To assess the prevalence and clinical impact of co-morbid social anxiety disorder (SAD) and alcohol use disorders (AUD, i.e. alcohol abuse and alcohol dependence) in a nationally representative sample of adults in the United States.
Data came from a large representative sample of the US population. Face-to-face interviews of 43093 adults residing in households were conducted during 2001–2002. Diagnoses of mood, anxiety, alcohol and drug use disorders and personality disorders were based on the Alcohol Use Disorder and Associated Disabilities Interview Schedule – DSM-IV version.

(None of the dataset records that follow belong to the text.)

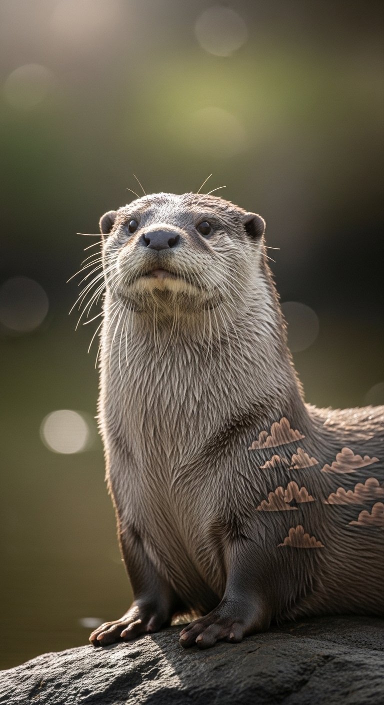 Otter and clouds. Graceful. On shoulder. Sketch clouds. Free designs. Artist offers. Test soft.
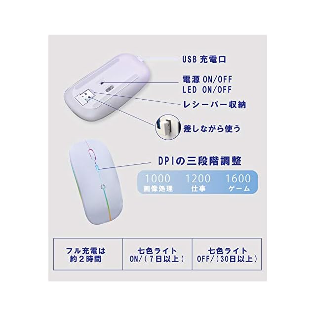 さくら スリム ワイヤレスマウス LEDライト 充電式 ペアリング必要ない 面倒な設定いらない USBポートに挿したら すぐ使える 無線マウス 超軽い 軽量 3色 高感度 利き手フリー設計 静音 自動スリープモード Cyberplugs | AVENIR
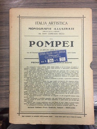 Bergamo. Istituto Italiano d'Arti Grafiche 1929, 8°, pp. 150, con 163 illustrazioni e 4 tavole f.t. Bross. Edit. Mancanze al dorso. Cofanetto con mancanze al margine inferiore. Segni del tempo. "Collezione di monografie illustrate".
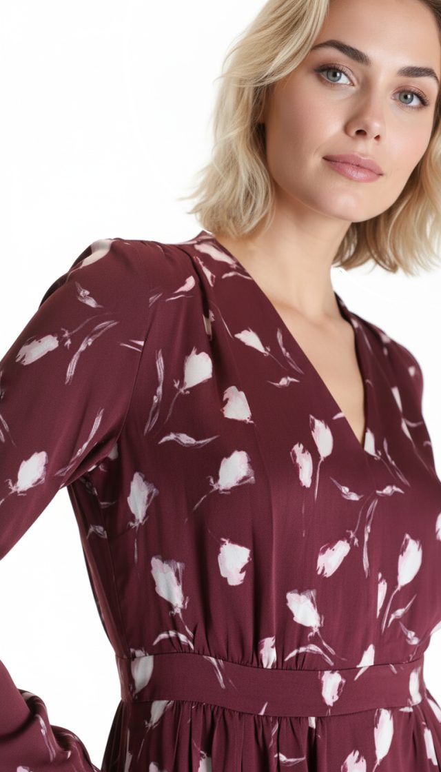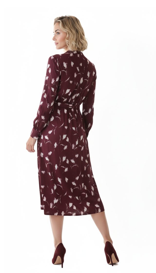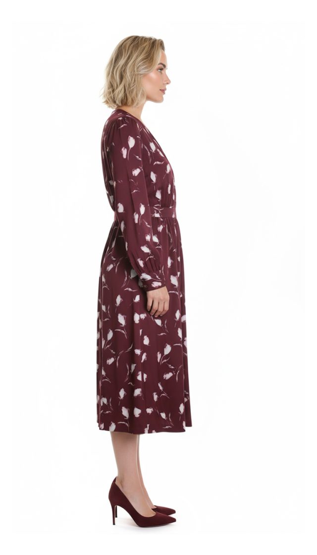 Новое шелковое платье премиального американского бренда Classiques Entier темно-вишневого цвет с цветочным принтом. Приталенный покрой с V-образным вырезом горловины, акцентирующим линию груди и длинным рукавом с манжетами на пуговках. Драпировка по талии и плечам придает особую женственность фасону. Боковая застежка на молнию. Материал — нежный, шелковистый, очень приятный на ощупь. В составе: 92% натуральный шелк, 8% спандекс, на подкладе. Состояние — новое, с биркой. Цена на бирке — 288$ (!)
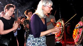 (VOvworld)- A night requiem was held at Son My village, Quang Ngai province on Friday to commemorate 504 innocent victims of the bloody massacre caused by the US military more than four decades ago. Forty-five years ago on March 16, US soldiers stormed into Son My village, Tinh Khe commune, opening fire at unarmed civilians. They killed a total of 504 people, including many elderly, women and children. Buddhist followers and village chiefs held a solemn mass for the 504 innocent people, hoping they would rest in peace. Candles were lit up above the graves of the unfortunate victims and along paths to the village’s cemetery. US war veteran Mike Boehm played the violin in front of the Monument dedicated to the massacre victims, in the hope of easing the lingering pain of the bereaved. The ceremony was also attended by sergeant-photographer Ronald Haeberle, who helped bring the massacre to life, shaking the world and the US as well. Returning to Vietnam this time, Ronald Haeberle had an opportunity to burn an incense to commemorate 504 innocent victims of the bloody massacre 45 years ago. He said: “I was hoping when I came on a day, I’ll be able to meet some of the survivors telling them that I was sorry for what happened that day. It’s great that some of the survivors can attend the ceremony. Those people should be honored. I try a lot for the good in everything. I know well what happened in the past. There’s no way that could be corrected. It happened. It’s a reality. Yet, we’re trying hoping to bring everybody together to get along”
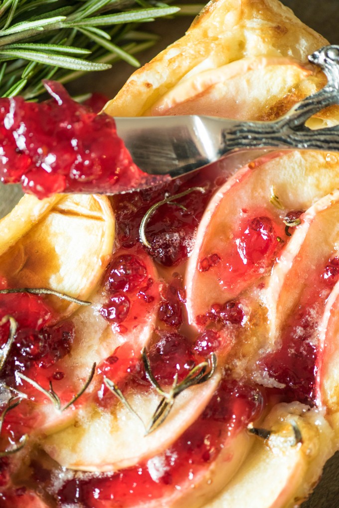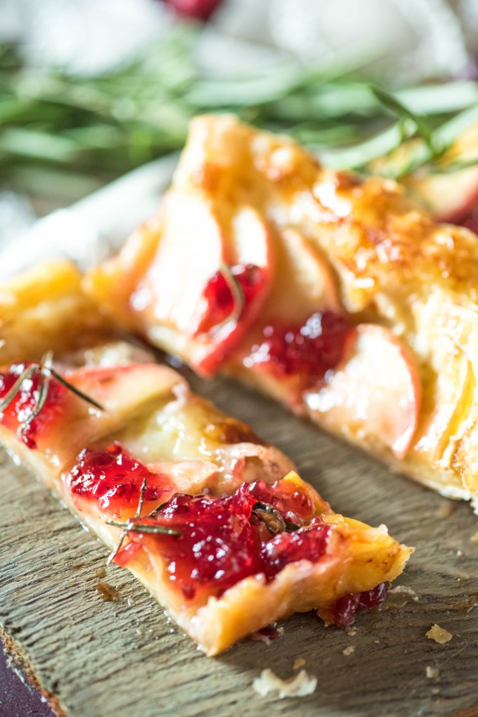 The holidays are coming, and this Red Currant Apple Brie Puff Pastry Tart is enhanced with the flavors of rosemary and balsamic, for an easy appetizer perfect for cocktail parties and before holiday dinners.
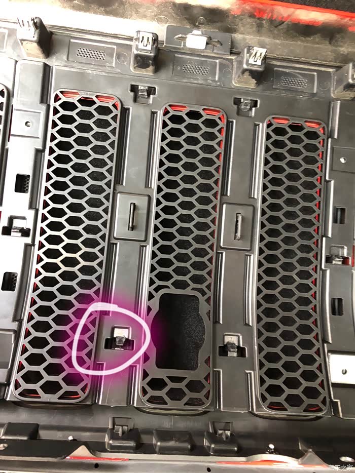 下来就是拆中网的配件了,这个东西是超级难拆,除了卸掉四颗螺丝,和两个白色卡扣外,还有六个固定扣
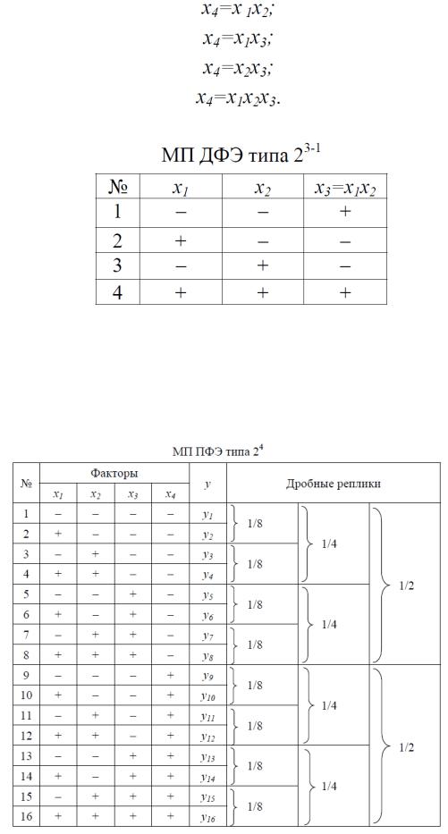 Эта система опытов называется дробными репликами, а сам метод ДФЭ – методом дробных реплик. Возможные дробные реплики от ПФЭ типа 24 приведены в табл. 11.
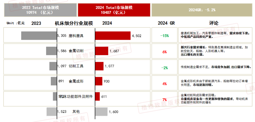 2024年机床市场海外需求增长,设备更新需求增长和下游行业需求回暖等因素促进金属切削和成形增长。
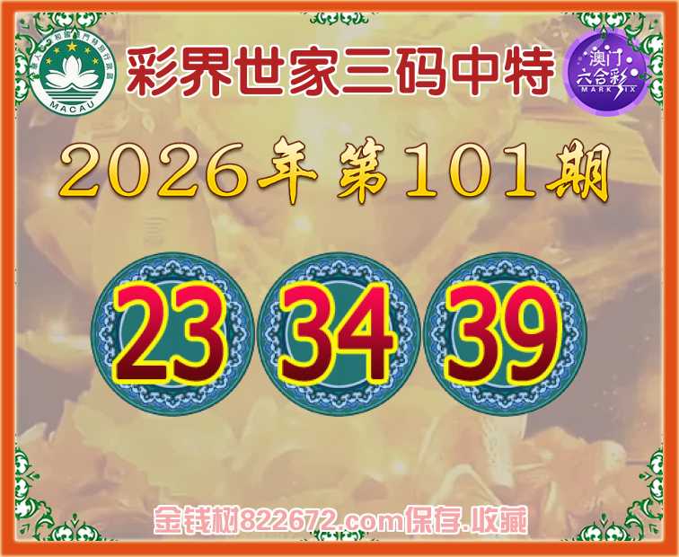 101期:《彩界世家》 😜三码中特😜【23.34.39】开:39准上榜高手

Lifetime prevalence of co-morbid AUD and SAD in the general population was 2.4%. SAD was associated with significantly increased rates of alcohol dependence [odds ratio (OR) 2.8] and alcohol abuse (OR 1.2). Among respondents with alcohol dependence, SAD was associated with significantly more mood, anxiety, psychotic and personality disorders. Among respondents with SAD, alcohol dependence and abuse were most strongly associated with more substance use disorders, pathological gambling and antisocial personality disorders. SAD occurred before alcohol dependence in 79.7% of co-morbid cases, but co-morbidity status did not influence age of onset for either disorder. Co-morbid SAD was associated with increased severity of alcohol dependence and abuse. Respondents with co-morbid SAD and alcohol dependence or abuse reported low rates of treatment-seeking.
Co-morbid lifetime AUD and SAD is a prevalent dual diagnosis, associated with substantial rates of additional co-morbidity, but remaining largely untreated. Future research should clarify the etiology of this co-morbid presentation to better identify effective means of intervention.